With every picture left out, give the data below back exactly.
─── DATA IN THIS EXERCISE
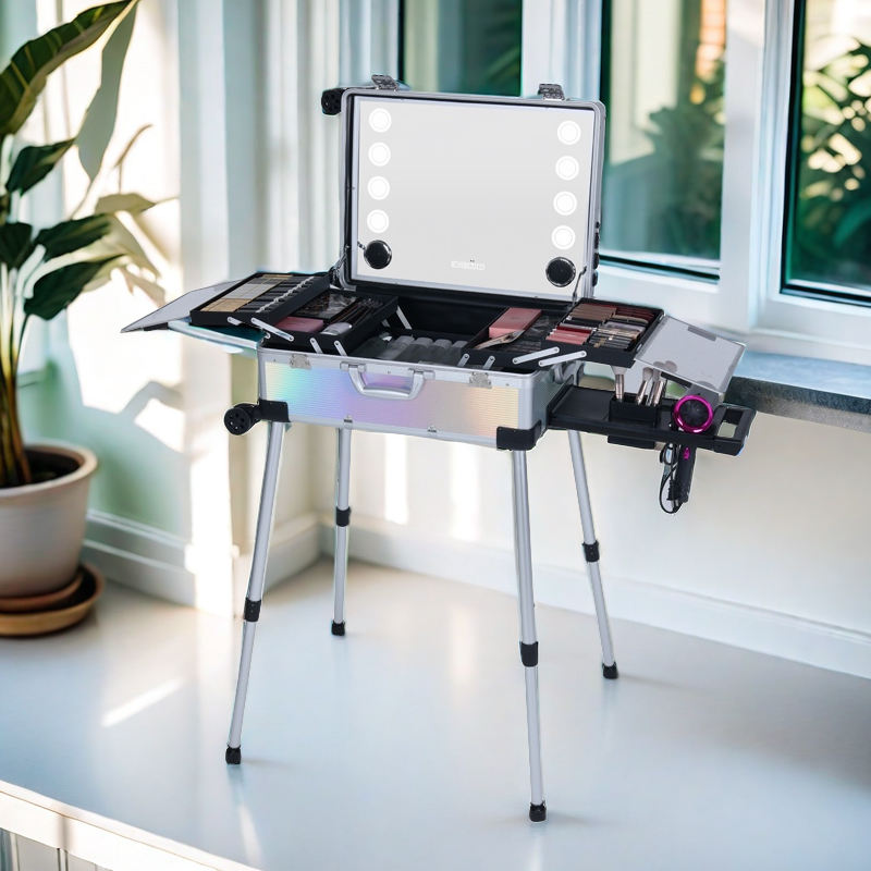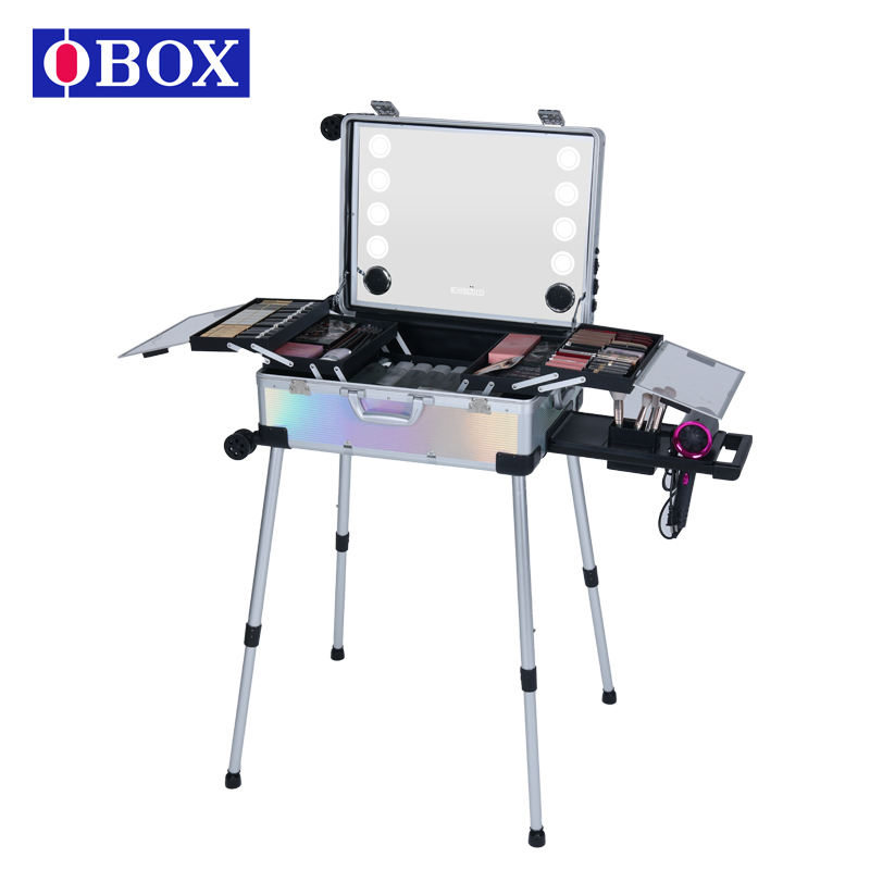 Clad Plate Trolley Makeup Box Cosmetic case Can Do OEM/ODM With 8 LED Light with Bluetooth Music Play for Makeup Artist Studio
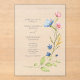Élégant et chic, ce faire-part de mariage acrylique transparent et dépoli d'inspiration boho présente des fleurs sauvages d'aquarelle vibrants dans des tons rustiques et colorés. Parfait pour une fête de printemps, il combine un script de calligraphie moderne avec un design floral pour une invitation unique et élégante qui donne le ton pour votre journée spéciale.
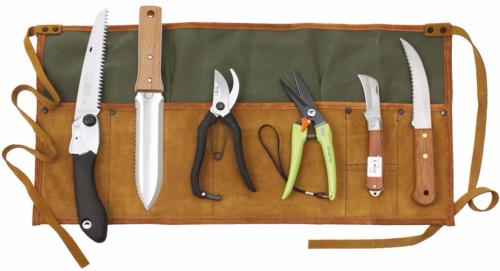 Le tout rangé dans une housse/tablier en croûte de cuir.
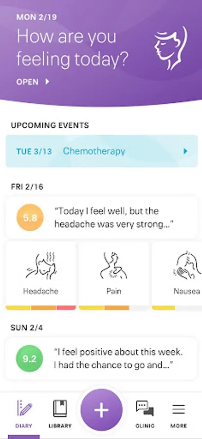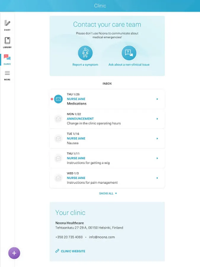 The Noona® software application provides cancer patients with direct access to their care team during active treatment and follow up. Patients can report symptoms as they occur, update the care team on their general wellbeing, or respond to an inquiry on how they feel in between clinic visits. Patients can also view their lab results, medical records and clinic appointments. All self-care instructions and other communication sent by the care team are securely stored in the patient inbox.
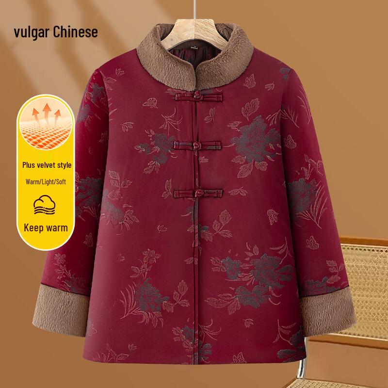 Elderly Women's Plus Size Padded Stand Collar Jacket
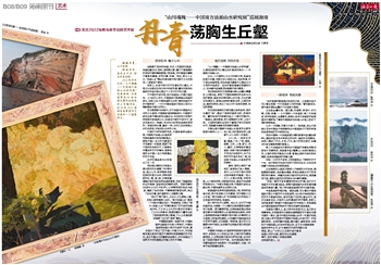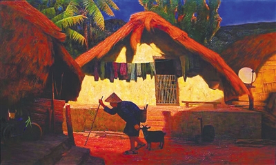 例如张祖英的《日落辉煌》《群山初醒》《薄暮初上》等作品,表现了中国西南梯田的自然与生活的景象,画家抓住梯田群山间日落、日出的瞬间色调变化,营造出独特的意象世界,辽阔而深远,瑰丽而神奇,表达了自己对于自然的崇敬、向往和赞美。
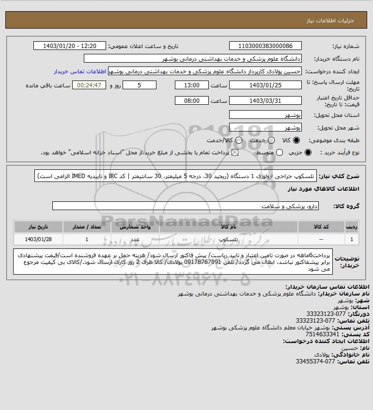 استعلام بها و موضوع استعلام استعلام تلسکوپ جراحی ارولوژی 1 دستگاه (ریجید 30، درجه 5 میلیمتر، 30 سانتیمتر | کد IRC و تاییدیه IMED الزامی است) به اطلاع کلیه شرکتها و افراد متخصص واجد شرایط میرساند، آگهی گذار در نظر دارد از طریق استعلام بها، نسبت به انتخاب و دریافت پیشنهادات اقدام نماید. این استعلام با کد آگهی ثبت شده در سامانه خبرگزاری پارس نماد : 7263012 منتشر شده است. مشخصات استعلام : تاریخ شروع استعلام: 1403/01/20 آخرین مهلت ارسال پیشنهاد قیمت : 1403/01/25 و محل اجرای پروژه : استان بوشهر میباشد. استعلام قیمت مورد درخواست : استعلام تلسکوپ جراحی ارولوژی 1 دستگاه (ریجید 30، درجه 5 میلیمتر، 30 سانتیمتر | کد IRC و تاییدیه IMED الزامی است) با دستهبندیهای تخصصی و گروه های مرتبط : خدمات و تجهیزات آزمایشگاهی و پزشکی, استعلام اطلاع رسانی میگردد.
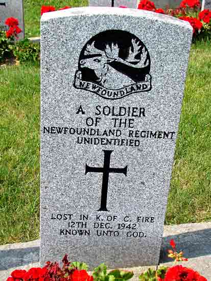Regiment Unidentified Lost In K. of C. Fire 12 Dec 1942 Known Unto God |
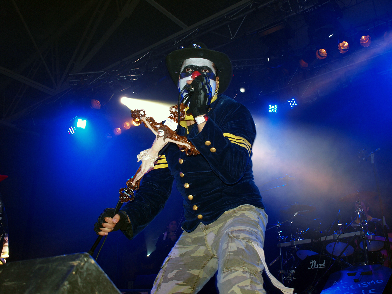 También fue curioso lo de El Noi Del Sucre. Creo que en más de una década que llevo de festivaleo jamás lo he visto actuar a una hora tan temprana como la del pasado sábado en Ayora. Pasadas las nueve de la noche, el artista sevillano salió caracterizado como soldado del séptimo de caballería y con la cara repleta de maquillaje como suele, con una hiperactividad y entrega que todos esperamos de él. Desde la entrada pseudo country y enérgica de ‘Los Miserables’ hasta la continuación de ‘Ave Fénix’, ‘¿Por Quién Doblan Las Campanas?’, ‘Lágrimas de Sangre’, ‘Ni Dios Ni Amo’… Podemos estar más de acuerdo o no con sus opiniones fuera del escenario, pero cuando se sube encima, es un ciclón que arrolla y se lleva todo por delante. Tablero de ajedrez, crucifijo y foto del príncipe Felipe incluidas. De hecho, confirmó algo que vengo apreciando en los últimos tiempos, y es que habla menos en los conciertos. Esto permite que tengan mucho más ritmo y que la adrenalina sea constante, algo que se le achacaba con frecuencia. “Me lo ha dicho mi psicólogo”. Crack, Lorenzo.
──────
RESPONSE AREA –
 Clad Plate Trolley Makeup Box Cosmetic case Can Do OEM/ODM With 8 LED Light with Bluetooth Music Play for Makeup Artist Studio
Élégant et chic, ce faire-part de mariage acrylique transparent et dépoli d'inspiration boho présente des fleurs sauvages d'aquarelle vibrants dans des tons rustiques et colorés. Parfait pour une fête de printemps, il combine un script de calligraphie moderne avec un design floral pour une invitation unique et élégante qui donne le ton pour votre journée spéciale.
 Le tout rangé dans une housse/tablier en croûte de cuir.
 The Noona® software application provides cancer patients with direct access to their care team during active treatment and follow up. Patients can report symptoms as they occur, update the care team on their general wellbeing, or respond to an inquiry on how they feel in between clinic visits. Patients can also view their lab results, medical records and clinic appointments. All self-care instructions and other communication sent by the care team are securely stored in the patient inbox.
 Elderly Women's Plus Size Padded Stand Collar Jacket
 例如张祖英的《日落辉煌》《群山初醒》《薄暮初上》等作品,表现了中国西南梯田的自然与生活的景象,画家抓住梯田群山间日落、日出的瞬间色调变化,营造出独特的意象世界,辽阔而深远,瑰丽而神奇,表达了自己对于自然的崇敬、向往和赞美。
 استعلام بها و موضوع استعلام استعلام تلسکوپ جراحی ارولوژی 1 دستگاه (ریجید 30، درجه 5 میلیمتر، 30 سانتیمتر | کد IRC و تاییدیه IMED الزامی است) به اطلاع کلیه شرکتها و افراد متخصص واجد شرایط میرساند، آگهی گذار در نظر دارد از طریق استعلام بها، نسبت به انتخاب و دریافت پیشنهادات اقدام نماید. این استعلام با کد آگهی ثبت شده در سامانه خبرگزاری پارس نماد : 7263012 منتشر شده است. مشخصات استعلام : تاریخ شروع استعلام: 1403/01/20 آخرین مهلت ارسال پیشنهاد قیمت : 1403/01/25 و محل اجرای پروژه : استان بوشهر میباشد. استعلام قیمت مورد درخواست : استعلام تلسکوپ جراحی ارولوژی 1 دستگاه (ریجید 30، درجه 5 میلیمتر، 30 سانتیمتر | کد IRC و تاییدیه IMED الزامی است) با دستهبندیهای تخصصی و گروه های مرتبط : خدمات و تجهیزات آزمایشگاهی و پزشکی, استعلام اطلاع رسانی میگردد.
Regiment Unidentified Lost In K. of C. Fire 12 Dec 1942 Known Unto God |
 También fue curioso lo de El Noi Del Sucre. Creo que en más de una década que llevo de festivaleo jamás lo he visto actuar a una hora tan temprana como la del pasado sábado en Ayora. Pasadas las nueve de la noche, el artista sevillano salió caracterizado como soldado del séptimo de caballería y con la cara repleta de maquillaje como suele, con una hiperactividad y entrega que todos esperamos de él. Desde la entrada pseudo country y enérgica de ‘Los Miserables’ hasta la continuación de ‘Ave Fénix’, ‘¿Por Quién Doblan Las Campanas?’, ‘Lágrimas de Sangre’, ‘Ni Dios Ni Amo’… Podemos estar más de acuerdo o no con sus opiniones fuera del escenario, pero cuando se sube encima, es un ciclón que arrolla y se lleva todo por delante. Tablero de ajedrez, crucifijo y foto del príncipe Felipe incluidas. De hecho, confirmó algo que vengo apreciando en los últimos tiempos, y es que habla menos en los conciertos. Esto permite que tengan mucho más ritmo y que la adrenalina sea constante, algo que se le achacaba con frecuencia. “Me lo ha dicho mi psicólogo”. Crack, Lorenzo.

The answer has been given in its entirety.